(Saved data entries)

_____

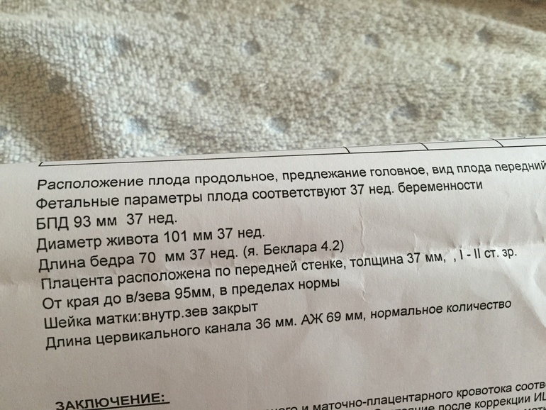 Вес и параметры на 37 неделе .
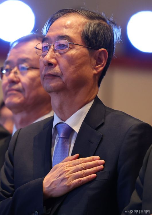 [서울=뉴시스] 최진석 기자 = 한덕수 대통령 권한대행 국무총리가 29일 서울 강남구 건설회관에서 열린 해외건설 1조달러 수주 및 60주년 기념식에서 국기에 경례하고 있다. 2025.04.29. myjs@newsis.com /사진=최진석 |
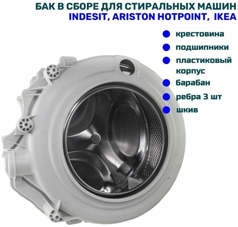 Бак в сборе (тяжелая механика) стиральной машины INDESIT, ARISTON, зам. C00145460, C00293409 C00109633 интересное:
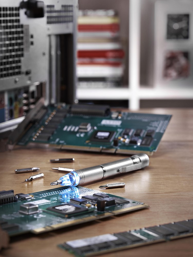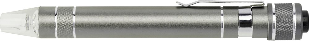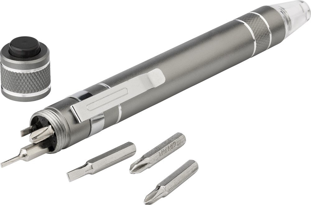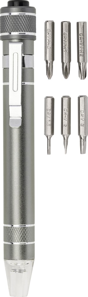 Aluminium schroevendraaierset in de vorm van een pen met lamp in de punt. Incl. 6 bitjes en incl. batterijen.
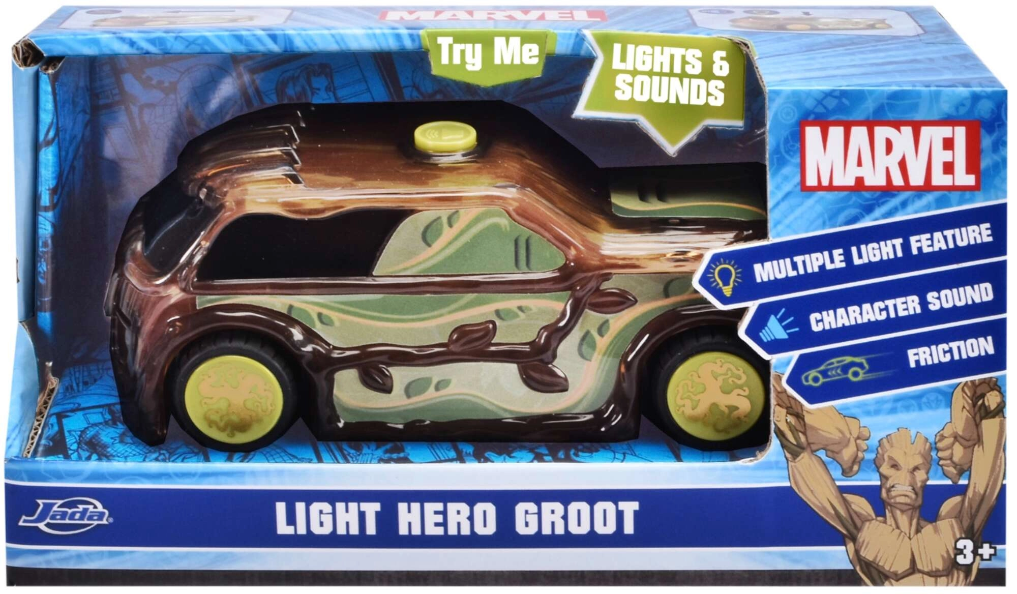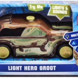 Zabaven avtomobilček, navdihnjen z likom GROOT iz univerzuma MARVEL, bo otroke navdušil s svetlobnimi in zvočnimi učinki. Dovolj je pritisniti rumen gumb na strehi in zaženejo se luči ter zvoki lika in avtomobila. Slogovni »lesen« videz z listi in vejicami, pogon na potisk ter kakovostna izdelava naredijo to igračo za popolno darilo za male superjunake.
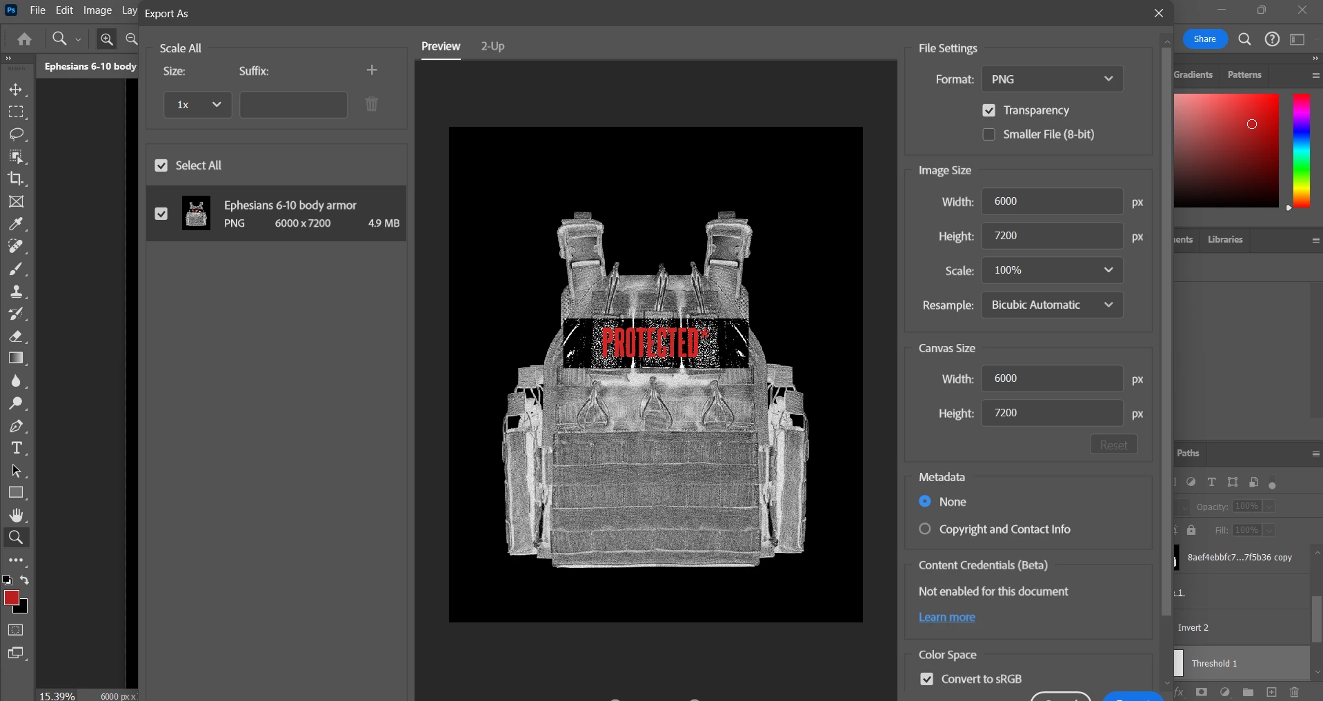 I'm relatively new to PS but usually when I export a project it retains all layer/effect info so the image displayed is the same one exported. However I am having trouble exporting this one project properly. It have to images overlayed both with Threshold and invert applied. I made a clipping mask so that I could see through one layer to have one area of the subject have differing effects. It all looks great and fine but when I try to export it the ONLY one threshold layer gets changed. I cant figure out why, the only thing I do is try to export like I normally would. Help??
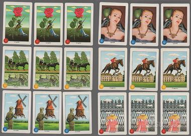 36 carte piccole (12 disegni, ogni disegno ha 3 carte)
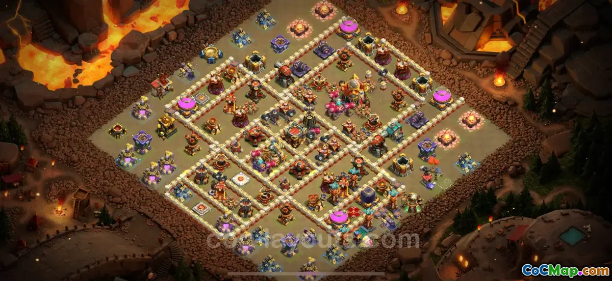 The Best War Base for Town Hall Level 16 has been designed to provide optimal defense against a variety of attack strategies in Clash of Clans. This base layout is specifically crafted to withstand assaults during Clan War Leagues, making it a valuable asset for players looking to fortify their defenses. It integrates various defensive structures strategically placed to cover multiple angles of attack, ensuring that any invading forces face significant challenges while attempting to breach the base.
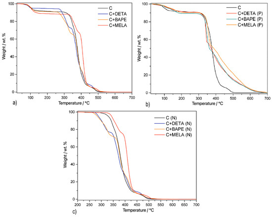 TG curves for the thermal samples are shown in Figure 5b. As indicated in Table S1 in Supplementary Materials, the decomposition of the thermal compounds initially proceeded by dehydration of the products in the first step, which was accompanied by weight losses of 9.1 wt. %, 10.7 wt. %, and 8.2 wt. % for C+DETA (P), C+BAPE (P), and C+MELA (P), respectively. Subsequently, the dehydrated compounds acquired thermal stability up to a temperature of 283.5 °C for C+DETA (P), 291.6 °C for C+BAPE (P), and 300.0 °C for C+MELA (P). The decomposition of the porous structures of the materials occurred in two mass losses in a wider temperature interval up to 700 °C, which is higher than in the case of hydrothermal products. However, due to the undefined composition of the materials caused by the further development of the carbon matrix during pyrolysis (see Section 3.3), it was not possible to assign individual weight losses clearly.
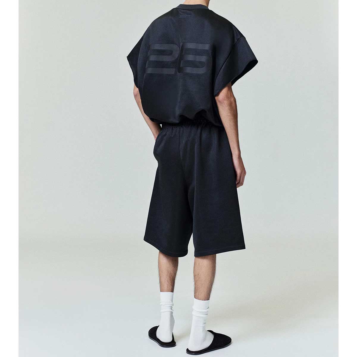This '90s muscle tee features a voluminous '90s silhouette and is crafted from heavyweight satin fleece for a smooth, satin-like feel. It features a bold "26" HD print on the back and Fear of God Essentials' signature rubber label on the collar.

_____

Action item:
Having removed the pictures, write out the records exactly as they stand.

Result:
 Вес и параметры на 37 неделе .
 [서울=뉴시스] 최진석 기자 = 한덕수 대통령 권한대행 국무총리가 29일 서울 강남구 건설회관에서 열린 해외건설 1조달러 수주 및 60주년 기념식에서 국기에 경례하고 있다. 2025.04.29. myjs@newsis.com /사진=최진석 |
 Бак в сборе (тяжелая механика) стиральной машины INDESIT, ARISTON, зам. C00145460, C00293409 C00109633 интересное:
 Aluminium schroevendraaierset in de vorm van een pen met lamp in de punt. Incl. 6 bitjes en incl. batterijen.
 Zabaven avtomobilček, navdihnjen z likom GROOT iz univerzuma MARVEL, bo otroke navdušil s svetlobnimi in zvočnimi učinki. Dovolj je pritisniti rumen gumb na strehi in zaženejo se luči ter zvoki lika in avtomobila. Slogovni »lesen« videz z listi in vejicami, pogon na potisk ter kakovostna izdelava naredijo to igračo za popolno darilo za male superjunake.
 I'm relatively new to PS but usually when I export a project it retains all layer/effect info so the image displayed is the same one exported. However I am having trouble exporting this one project properly. It have to images overlayed both with Threshold and invert applied. I made a clipping mask so that I could see through one layer to have one area of the subject have differing effects. It all looks great and fine but when I try to export it the ONLY one threshold layer gets changed. I cant figure out why, the only thing I do is try to export like I normally would. Help??
 36 carte piccole (12 disegni, ogni disegno ha 3 carte)
 The Best War Base for Town Hall Level 16 has been designed to provide optimal defense against a variety of attack strategies in Clash of Clans. This base layout is specifically crafted to withstand assaults during Clan War Leagues, making it a valuable asset for players looking to fortify their defenses. It integrates various defensive structures strategically placed to cover multiple angles of attack, ensuring that any invading forces face significant challenges while attempting to breach the base.
 TG curves for the thermal samples are shown in Figure 5b. As indicated in Table S1 in Supplementary Materials, the decomposition of the thermal compounds initially proceeded by dehydration of the products in the first step, which was accompanied by weight losses of 9.1 wt. %, 10.7 wt. %, and 8.2 wt. % for C+DETA (P), C+BAPE (P), and C+MELA (P), respectively. Subsequently, the dehydrated compounds acquired thermal stability up to a temperature of 283.5 °C for C+DETA (P), 291.6 °C for C+BAPE (P), and 300.0 °C for C+MELA (P). The decomposition of the porous structures of the materials occurred in two mass losses in a wider temperature interval up to 700 °C, which is higher than in the case of hydrothermal products. However, due to the undefined composition of the materials caused by the further development of the carbon matrix during pyrolysis (see Section 3.3), it was not possible to assign individual weight losses clearly.
This '90s muscle tee features a voluminous '90s silhouette and is crafted from heavyweight satin fleece for a smooth, satin-like feel. It features a bold "26" HD print on the back and Fear of God Essentials' signature rubber label on the collar.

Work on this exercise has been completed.